In any case, it’s not only BNEF that has raised the issue. The industry, too, has referred to the need for monetary support from the government to popularise EVs in a price-sensitive market like India.
“Nobody would buy a Rs5 lakh car which would entail an additional cost of Rs7 lakh (after electrification). Affordability becomes a huge problem,” Maruti Suzuki India chairman RC Bhargava had said in April this year.
Besides, the government’s dillydallying on a concrete EV plan has not helped the segment.
Months after announcing the “EV only” plan, the government did an about turn, informing parliament in January this year that there was no such plan at all. Then, in March, power minister RK Singh said the government would come up with a policy that would have both a regulatory framework and technical standards on EVs.

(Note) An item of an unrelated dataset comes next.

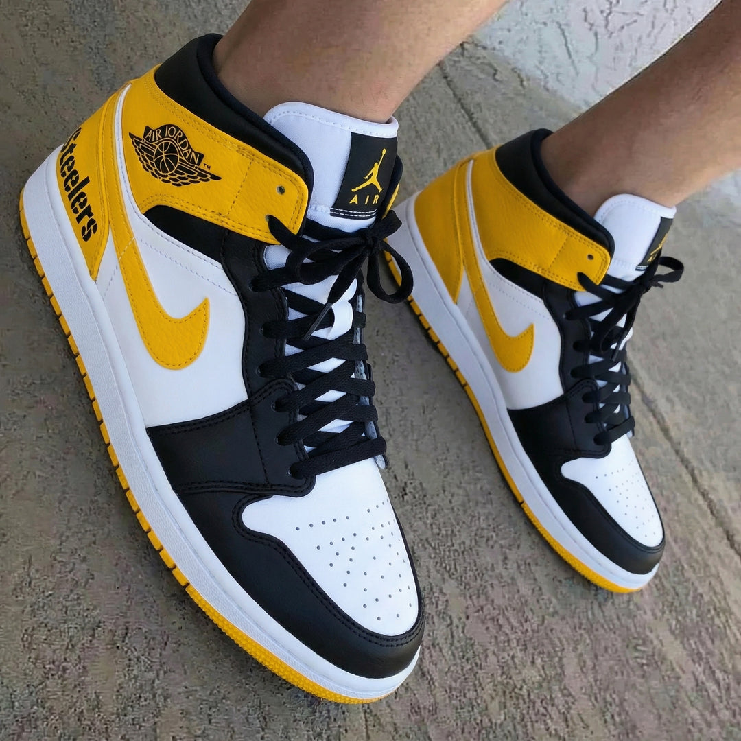 Steelers Theme Black Yellow White Custom Air Jordan 1

Many companies are in a wait-and-watch mode due to this inconsistency.
For instance, Korean carmaker Hyundai Motors is yet to decide if it should make EVs in India or import and assemble them locally. “The former (local manufacture) will translate into cheaper vehicles in a price-sensitive market, but the latter (import) will be quicker to implement,” Rakesh Srivastava, director for sales and marketing of Hyundai Motors India, had said at the Delhi Auto Expo in February. “The other challenge in India’s EV market is finding a balance between affordability and volume.”
The BNEF report even suggests creating strict EV quotas like China has done. According to China’s new policy, automakers are assigned EV scores linked to their production of various types of zero- and low-emission vehicles. Starting 2019, this score has to be at least 10% of the company’s overall car production, rising to 12% in 2020.